The showrunners, creative talent, and fans often view this as the unofficial series finale, and it is the episode you should end on. Everything this show was about culminates in Carol O’Connor’s wrenching performance of a man whose entire life was driven by fear put into him by the one person he should have been able to trust. Fueled by the alcohol they are drinking for comfort, Archie tells an even worse story about his father locking him in a closet for seven hours to “teach him a lesson.” The parallels for Mike are apparent, his clumsiness that ended up putting him as close to Archie as he could get has taught him a lesson. Archie passes out from the exhaustion of work and the alcohol. Without a word, we see in Mike’s eyes that he understands now, that Archie is just as broken as everyone else. The duo has been using a dirty tarp as a blanket, and Mike tucks Archie in, gazing down at him like the loving father he never had. We fade to black.

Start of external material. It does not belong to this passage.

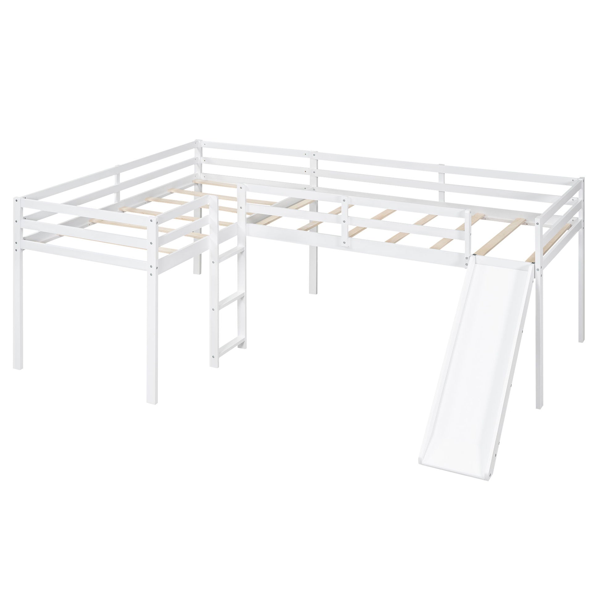 L-Shaped Twin Size Loft Bed With Ladder And Slide - White

I hope one day we have a show as necessary, influential, and still as funny as All in the Family was. There were many spinoffs, but I expected that as good as they were nothing can top the original. Norman Lear is a national treasure, and he’s still with us at 97. He’s recently produced the Netflix reboot of his sitcom One Day at Time, another show focusing on working-class people, this time a Latina single mother. If anyone of us should be gifted with immortality, let it be Lear who defies the stereotypes of close-minded elders. He’s old enough to be my great-grandfather and is still more progressive and leftist than my parents.

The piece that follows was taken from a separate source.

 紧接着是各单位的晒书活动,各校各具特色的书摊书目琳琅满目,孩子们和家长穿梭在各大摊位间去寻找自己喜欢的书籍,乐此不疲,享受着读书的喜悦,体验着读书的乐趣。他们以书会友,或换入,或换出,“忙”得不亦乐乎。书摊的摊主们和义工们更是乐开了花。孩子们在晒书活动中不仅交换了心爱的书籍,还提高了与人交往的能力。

Caroll O’Connor and Jean Stapleton left us in 2001 and 2013, respectively. Oh, how I have grown to love them both. These are sort of performers that make drama and theater so invigorating. They were unafraid to go where ever the story and characters needed them to be. As a result, Archie and Edith are two of the most real characters I’ve ever seen on television. I know there have been attempts at doing live remakes recently, but I just can’t imagine anyone else doing as good a job.
The good thing about only watching Best Of episodes is I still have nearly 150 episodes I haven’t seen yet that I can visit whenever I feel the urge to see what the Bunkers might be up to. If you have never watched this series, I cannot recommend it highly enough, it is the sort of thing that feeds the soul with what it truly needs.